You are precious, Directionless. When you slow down, you will feel that in your bones. You will feel disgusting and horrible, but slowly you’ll see that it’s beautiful, this moment of knowing how sick you are. You will find your will to go on in spite of how horrible it all is, how horrible you are. You will find your direction. Stop thinking about it and instead, submerge yourself in other people’s work: their art, their books, their lives. Your brilliance is waiting for you to slow down. Your path is waiting for you, patiently. You have to learn to trust yourself. You have to search for your broken, scared self. Not someone else’s idea of you. Not someone else’s approval. Your broken, scared self is the only self that can lead you forward from here.
I know it sounds impossible. I want you to know that I hear you clearly. You want me to know that everything is fucked, that YOU are fucked. I believe you and I know it hurts. I know it’s worse than anyone else can see. I know how it feels to live there.
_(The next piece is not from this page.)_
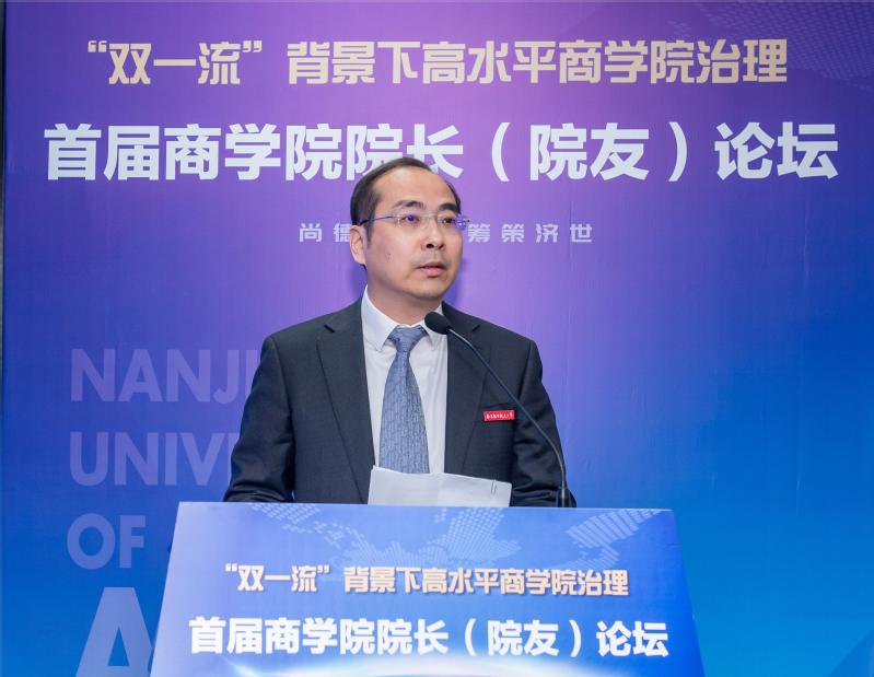 校长单忠德院士作了题为“以一流商学院建设赋能中国特色、世界一流大学建设”的讲话。他指出,建设世界一流大学需要一流商学院支撑,要坚持“四个面向”,强化交叉融合。商学院是培养“既懂技术、又懂管理”复合型人才,推动教育、科技、产业等要素融合的重要阵地,要始终面向国家重大战略需求和区域经济发展需要,不断优化升级现有学科体系,完善学科交叉融合机制,持续深化多领域协同,加强重大创新平台和基地建设,更好赋能高水平人才培养和高水平科技自立自强。建设世界一流大学需要一流新文科赋能,要坚持特色发展,塑造学科优势。文科是高水平研究型大学建设的重要基础,是建设世界一流大学的重要组成部分。学院要进一步强化学科特色与优势,持续打造一批特色化研究方向、研究团队和研究平台,加快建设并发挥高端智库的战略咨询作用,不断提升精品文科对“双一流”建设和国家重大工程的支撑力和贡献度。建设世界一流大学需要新动能助力,要坚持开放办学,促进融通发展。学院要在成就校友、凝聚校友、服务校友方面发挥更大的作用,要与校友携手联动、共创永续发展。要立足新发展阶段,完整准确全面贯彻新发展理念,服务构建新发展格局,坚持“开放办学、开放创新、开放合作、开放共赢”,更好地有机嵌入到区域重大发展战略和产业转型升级全局,发挥好包括校友在内的各类资源,积极探索更多产教深度融合的新机制新模式,努力为构建现代化产业体系提供坚实的人才和智力支撑。

I also know that you’re ready to live somewhere else now. You’re ready to face the truth. You’re ready to be who you are, even when no one is there to approve of you or give you love or tell you you’re great. You’re going to give yourself what you need now, and it’s going to feel a million times more satisfying than anything else you’ve ever done.
You are not lazy. You’re working too hard. Give yourself a break. Learn to slow down and savor who you are, today, right now — all of your crimes and mistakes, all of your circling thoughts, all of your broken pieces. This is your true calling: You are called to build something beautiful from this wreckage. You are called to trust your emotions and let them guide you for the first time. Everything else feels arbitrary and pointless because it is. Your heart has been waiting to lead you forward. Listen to your heart. Follow it.